Jenkins, Stackato, Cloud-Init and Eucalyptus == Potent Combination for an On-Premise Continuous Integration Environment
The Ingredients
Jenkins
An extendable open source continuous integration server.
Stackato
The Enterprise Private PaaS that makes it easy to deploy, manage, and monitor applications on any cloud.
Cloud-init
The Ubuntu package that handles early initialization of a cloud instance. It is installed in the Ubuntu Cloud Images and also in the official Ubuntu images available on EC2.
Eucalyptus
Allows you to build production-ready, AWS-compatible private and hybrid clouds by leveraging your existing virtualized infrastructure to create on-demand cloud resource pools.
What happens when you combine all three of these tools? A potent combination for continuous integration on a easy-to-configure PaaS and an on-premise, AWS-compatible IaaS. With this combination, developers can take advantage of easy configuration that Stackato brings to the table, running on top of Eucalyptus – bringing an AWS-like cloud environment into your datacenter.
This blog entry will discuss the steps that I took to get Jenkins installed on a Stackato instance store-backed instance running on Eucalyptus. But before I get started, I would like to thank the folks from ActiveState for all their guidance. Their support staff is really top notch, and very helpful. Check them out in #stackato on freenode.net. They can also be checked out on Twitter at @ActiveState. Now on to the dirty work…..
The Recipe for Success
The Stackato Microcloud Image and Cloud-Init
To begin, the following is needed:
- A running Eucalyptus cloud
- User credentials and proper Eucalyptus IAM policies to allow uploading of images and launching instances. (If there is more information needed here, please check out the Managing Access section in Eucalyptus 3.2 Administrator’s Guide.)
- the Stackato Mircocloud VM for KVM
- A Linux desktop with euca2ools installed.
After downloading the Stackato VM for KVM and unzipping the file, we will need to pull out the root file system, the kernel and ramdisk. These will be uploaded, bundled and registered as the EMI, EKI, and ERI. To extract the root filesystem, do the following:
- Use parted to locate the root filesystem as follows:
# parted stackato-img-kvm-v2.6.6.img GNU Parted 2.1 Using /root/images/Stackato-VM/stackato-img-kvm-v2.6.6.img Welcome to GNU Parted! Type 'help' to view a list of commands. (parted) U Unit? [compact]? b (parted) p Model: (file) Disk /root/images/Stackato-VM/stackato-img-kvm-v2.6.6.img: 10737418240B Sector size (logical/physical): 512B/512B Partition Table: msdos Number Start End Size Type File system Flags 1 1048576B 200278015B 199229440B primary ext3 boot 3 200278016B 1237319679B 1037041664B primary linux-swap(v1) 2 1237319680B 10736369663B 9499049984B primary ext4 (parted) quit
- In this example, the root filesystem is partition 2. The value for “Start” and “Size” will need to be used. Next, run dd to extract the root filesystem:
dd if=stackato-img-kvm-v2.6.6.img of=stackato-rootfs.img bs=1 skip=1237319680 count=9499049984
- Once it has completed, mount stackato-rootfs.img to the loopback device:
mount -o loop stackato-rootfs.img /mnt/
- Copy out initrd.img-3.2.0-27-virtual and vmlinuz-3.2.0-27-virtual from /mnt/boot.

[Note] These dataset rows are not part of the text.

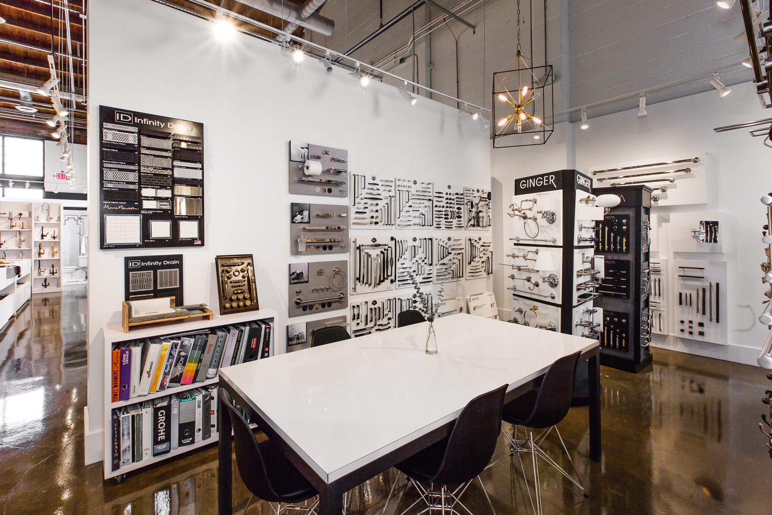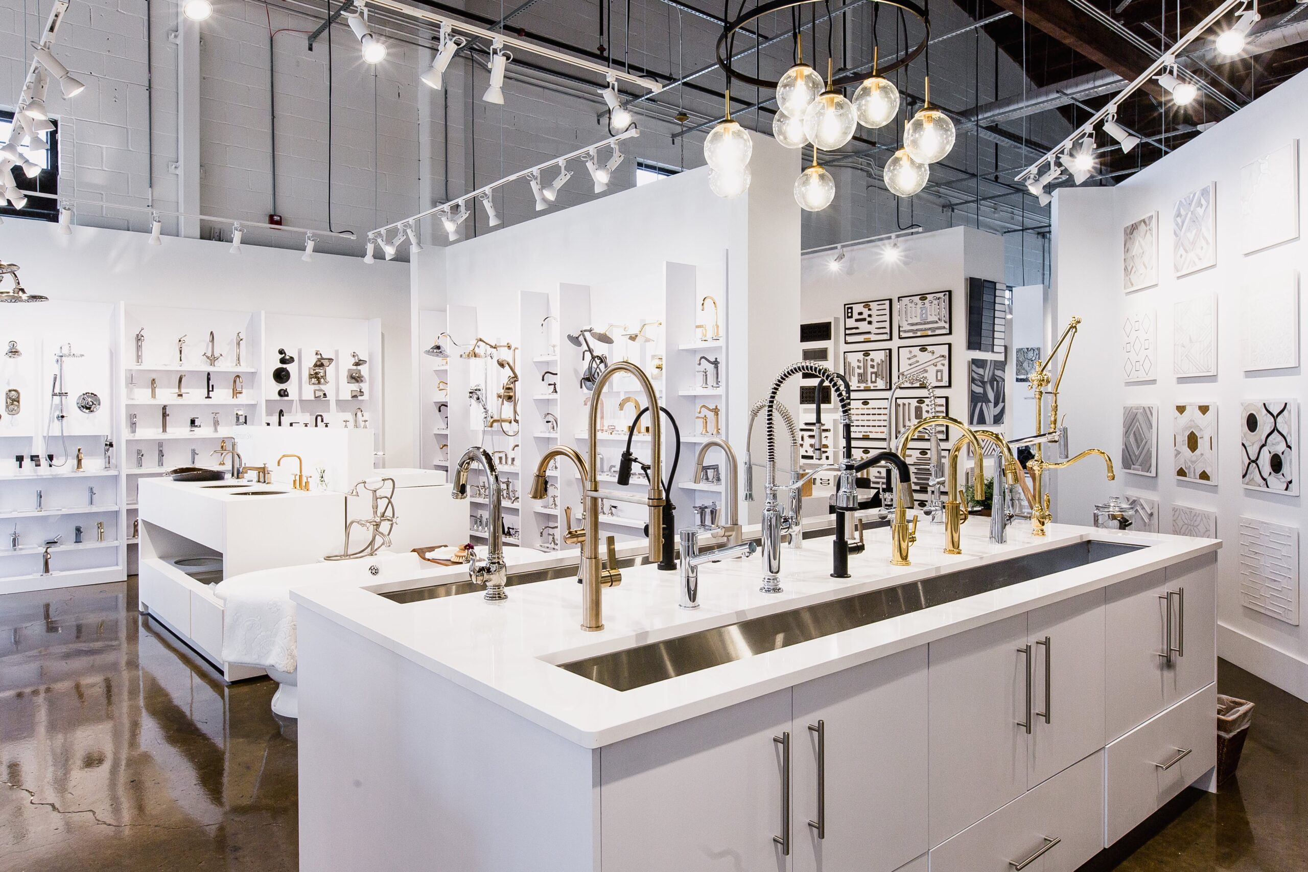 Plus, guests to the Design District showroom can test shower heads in their working shower display and faucets in the working kitchen faucet area to see how products will function.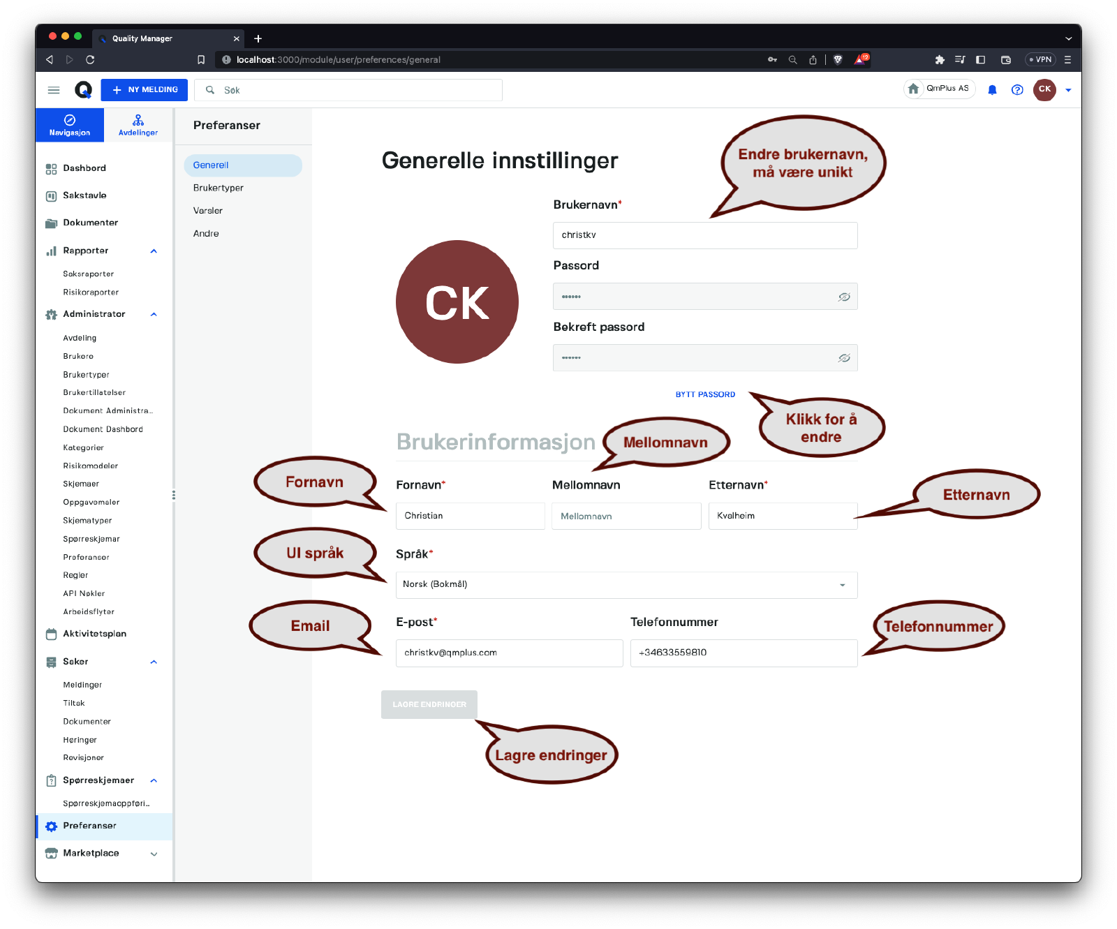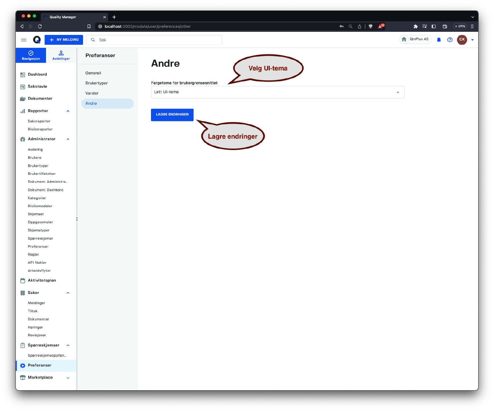 Ved å klikke på Preferences får du tilgang til brukerens spesifikke preferanser.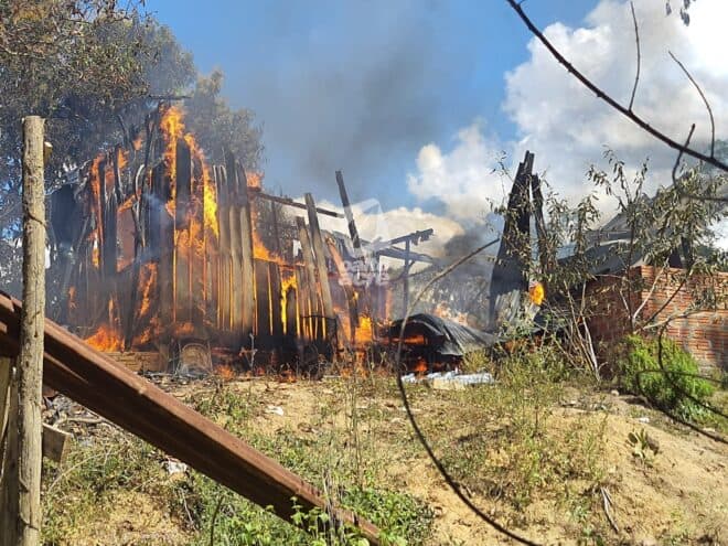 Uma residência de madeira foi completamente consumida pelo fogo na manhã desta segunda-feira (4), no bairro José Hassem, próximo ao posto da Receita Federal, na cidade de Epitaciolândia, na fronteira com a Bolívia. A moradora do imóvel, Luanara Moreira de Almeida, de 28 anos, conseguiu escapar ilesa junto aos três filhos pequenos.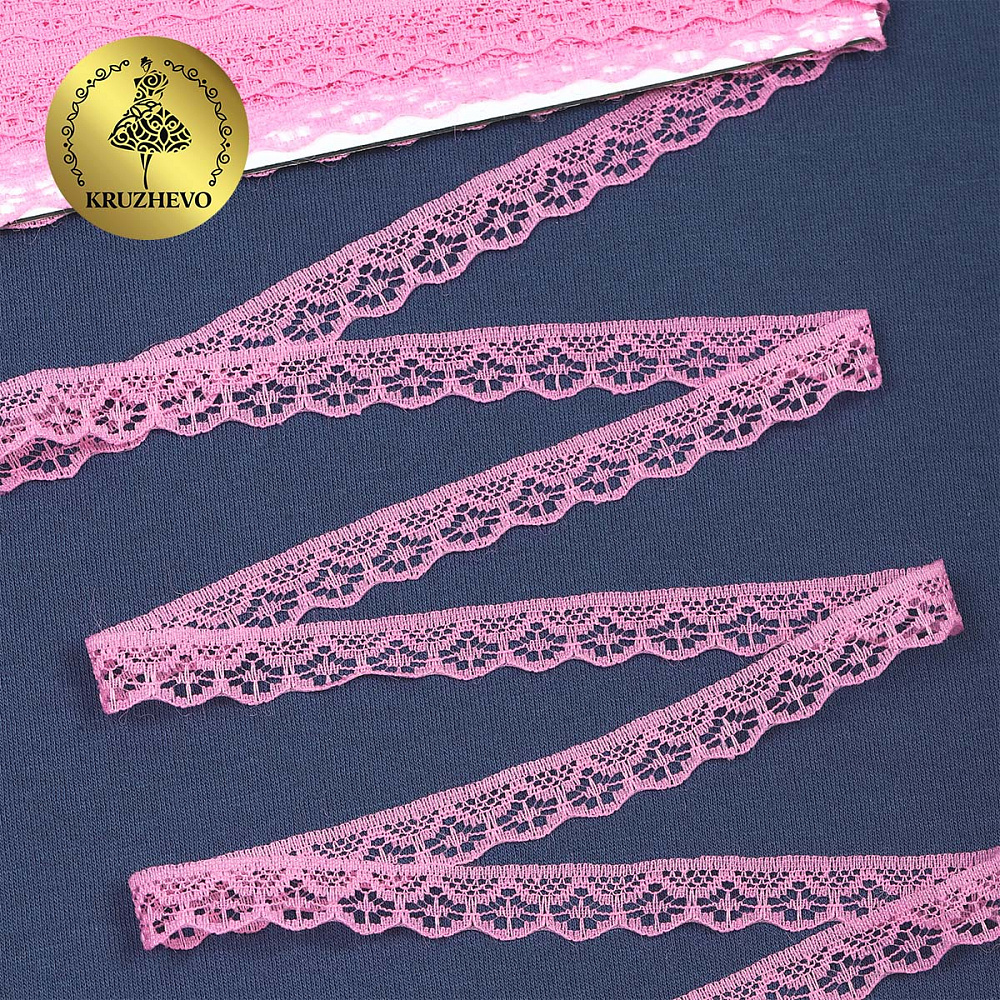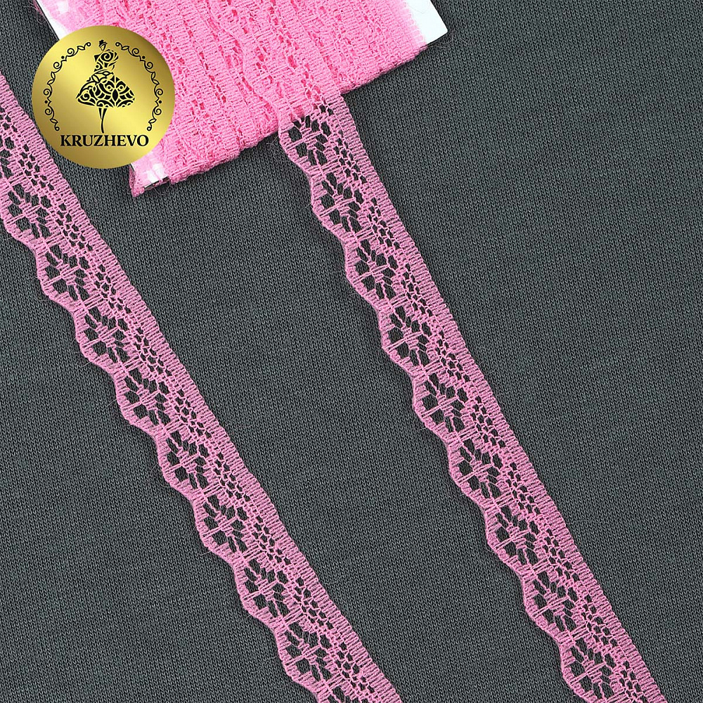 Кружево отделочное в стиле "трикотаж" 12 мм 150-2, цв.08 розовый, 9.14м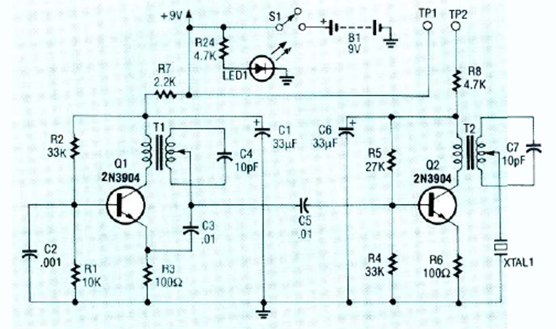 Este circuito se encontró en una revista Radio Electronics de noviembre de 1991. El circuito funciona a 2,2 MHz y tiene una salida de baja impedancia.
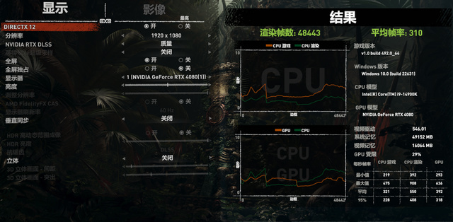 ▲而在1080P分辨率,预设最高画质,DLSS质量模式下,本电脑可以提供310 FPS的平均帧率,此时GPU受限仅为29%,可见,在1080P分辨率下,即使是i9-14900K这样强大的CPU也无法喂饱RTX 4080这种高端Ada架构显卡。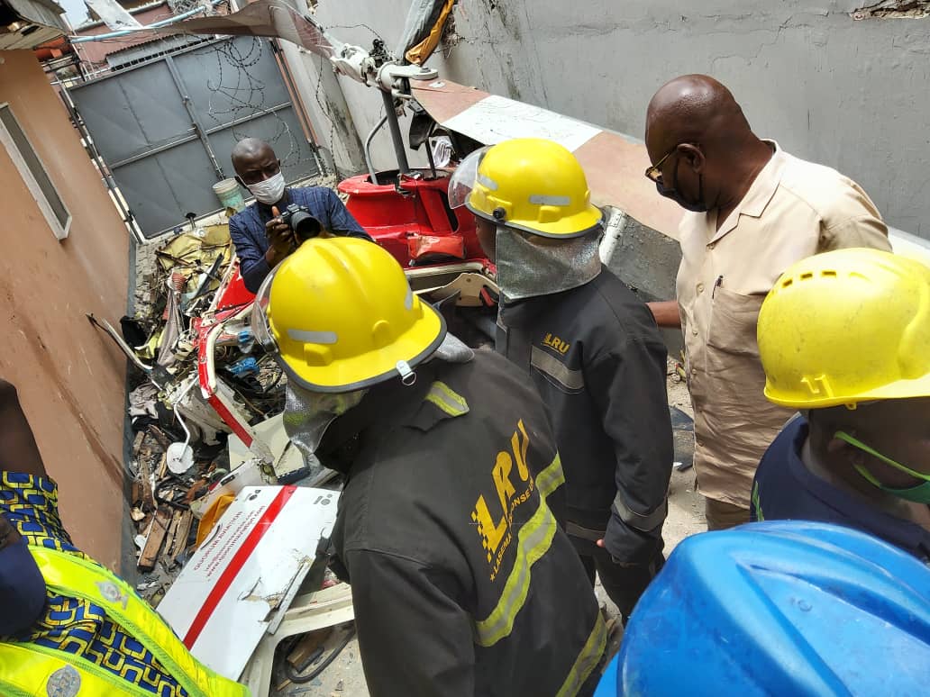 The helicopter crash, which occurred at No. 16, Salvation Road in Opebi, Lagos, reportedly claimed two lives leaving one person injured.

- In /mnt/etc/fstab, replace the UUID entry with LABEL. The LABEL will look simliar to the following:
LABEL=cloudimg-rootfs / ext4 defaults 1 1
- Chroot to /mnt – there may be a need to do a mount -o bind for sys, dev, and proc.
- Run “dpkg-reconfigure cloud-init”, and make sure that the EC2 Data Source is selected.
- Unmount stackato-rootfs.img (if sys, dev, and proc were mounted, unmount them before unmounting stackato-rootfs.img). After it has been unmounted, run tune2fs to change the label of the image:
tune2fs -L cloudimg-rootfs stackato-rootfs.img
After following these steps, the following should be available:
- initrd.img-3.2.0-27-virtual – to be bundled, uploaded and registered as the ERI
- vmlinuz-3.2.0-27-virtual – to be bundled, uploaded and registered as the EKI
- stackato-rootfs.img – to be bundled, uploaded and registered as the EMI
Go through the steps of bundling, uploading and registering the ERI, EKI, and EMI. For additional information, please refer to the Add an Image section of the Eucalyptus 3.2 User Guide.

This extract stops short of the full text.